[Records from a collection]
━━━━━━━━
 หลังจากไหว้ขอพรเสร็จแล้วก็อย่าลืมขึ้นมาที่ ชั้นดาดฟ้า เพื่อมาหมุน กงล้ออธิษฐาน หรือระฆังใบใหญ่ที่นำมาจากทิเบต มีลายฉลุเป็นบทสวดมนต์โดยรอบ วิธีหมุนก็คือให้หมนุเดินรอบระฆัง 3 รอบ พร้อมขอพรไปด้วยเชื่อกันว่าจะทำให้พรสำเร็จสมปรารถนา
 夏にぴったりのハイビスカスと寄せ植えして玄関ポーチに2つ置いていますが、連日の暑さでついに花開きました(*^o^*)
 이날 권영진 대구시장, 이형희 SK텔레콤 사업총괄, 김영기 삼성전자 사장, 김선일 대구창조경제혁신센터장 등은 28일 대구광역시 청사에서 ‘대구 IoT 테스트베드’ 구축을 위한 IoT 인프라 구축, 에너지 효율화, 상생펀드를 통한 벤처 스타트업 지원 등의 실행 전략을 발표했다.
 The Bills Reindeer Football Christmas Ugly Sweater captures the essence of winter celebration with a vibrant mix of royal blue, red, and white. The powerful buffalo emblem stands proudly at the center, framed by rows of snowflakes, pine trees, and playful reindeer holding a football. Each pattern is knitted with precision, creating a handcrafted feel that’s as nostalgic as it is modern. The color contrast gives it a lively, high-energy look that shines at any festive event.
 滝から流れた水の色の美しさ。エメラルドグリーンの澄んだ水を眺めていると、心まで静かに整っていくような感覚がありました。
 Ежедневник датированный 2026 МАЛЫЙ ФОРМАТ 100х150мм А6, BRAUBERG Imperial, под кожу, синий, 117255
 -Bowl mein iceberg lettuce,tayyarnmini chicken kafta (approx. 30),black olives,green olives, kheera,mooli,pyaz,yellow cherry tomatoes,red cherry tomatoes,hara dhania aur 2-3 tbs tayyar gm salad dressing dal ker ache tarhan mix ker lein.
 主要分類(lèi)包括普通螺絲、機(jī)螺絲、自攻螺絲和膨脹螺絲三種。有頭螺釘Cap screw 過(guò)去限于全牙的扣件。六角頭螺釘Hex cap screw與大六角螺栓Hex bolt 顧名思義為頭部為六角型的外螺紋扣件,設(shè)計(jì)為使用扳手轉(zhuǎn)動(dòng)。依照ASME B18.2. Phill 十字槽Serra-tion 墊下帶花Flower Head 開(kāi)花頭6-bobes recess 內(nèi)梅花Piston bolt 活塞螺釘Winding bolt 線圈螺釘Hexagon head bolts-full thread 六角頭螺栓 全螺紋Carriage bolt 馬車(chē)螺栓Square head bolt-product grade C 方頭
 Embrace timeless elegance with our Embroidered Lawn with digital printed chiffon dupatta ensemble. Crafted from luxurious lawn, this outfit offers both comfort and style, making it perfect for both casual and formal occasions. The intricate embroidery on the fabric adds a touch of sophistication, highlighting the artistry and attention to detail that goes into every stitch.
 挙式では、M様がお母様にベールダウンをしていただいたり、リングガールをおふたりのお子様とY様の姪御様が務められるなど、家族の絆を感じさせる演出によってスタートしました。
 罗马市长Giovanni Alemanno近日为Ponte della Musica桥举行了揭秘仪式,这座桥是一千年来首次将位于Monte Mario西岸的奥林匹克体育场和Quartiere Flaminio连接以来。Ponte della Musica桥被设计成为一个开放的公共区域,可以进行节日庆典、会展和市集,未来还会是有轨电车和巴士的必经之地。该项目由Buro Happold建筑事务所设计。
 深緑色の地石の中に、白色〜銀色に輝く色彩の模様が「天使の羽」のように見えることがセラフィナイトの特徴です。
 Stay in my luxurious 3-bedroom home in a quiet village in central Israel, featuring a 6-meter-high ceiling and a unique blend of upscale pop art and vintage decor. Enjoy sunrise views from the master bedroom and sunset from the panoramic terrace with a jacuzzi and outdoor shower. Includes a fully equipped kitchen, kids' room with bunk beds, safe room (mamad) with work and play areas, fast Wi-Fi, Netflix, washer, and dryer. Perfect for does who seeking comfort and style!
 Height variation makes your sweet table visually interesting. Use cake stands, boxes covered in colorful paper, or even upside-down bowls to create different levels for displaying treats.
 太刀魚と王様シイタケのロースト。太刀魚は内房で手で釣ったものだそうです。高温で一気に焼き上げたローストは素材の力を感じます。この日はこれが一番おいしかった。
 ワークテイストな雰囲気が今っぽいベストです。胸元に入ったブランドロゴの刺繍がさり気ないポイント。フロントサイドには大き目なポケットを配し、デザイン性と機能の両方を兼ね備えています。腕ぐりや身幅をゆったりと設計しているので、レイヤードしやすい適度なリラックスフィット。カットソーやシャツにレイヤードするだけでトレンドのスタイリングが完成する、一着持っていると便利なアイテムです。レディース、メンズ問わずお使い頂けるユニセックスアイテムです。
━━━━━━━━
__TASK__.
Give the number of lines in the data above that contain the word "luxurious", with no accompanying text.

__OUTPUT FOR THIS EXERCISE__.
2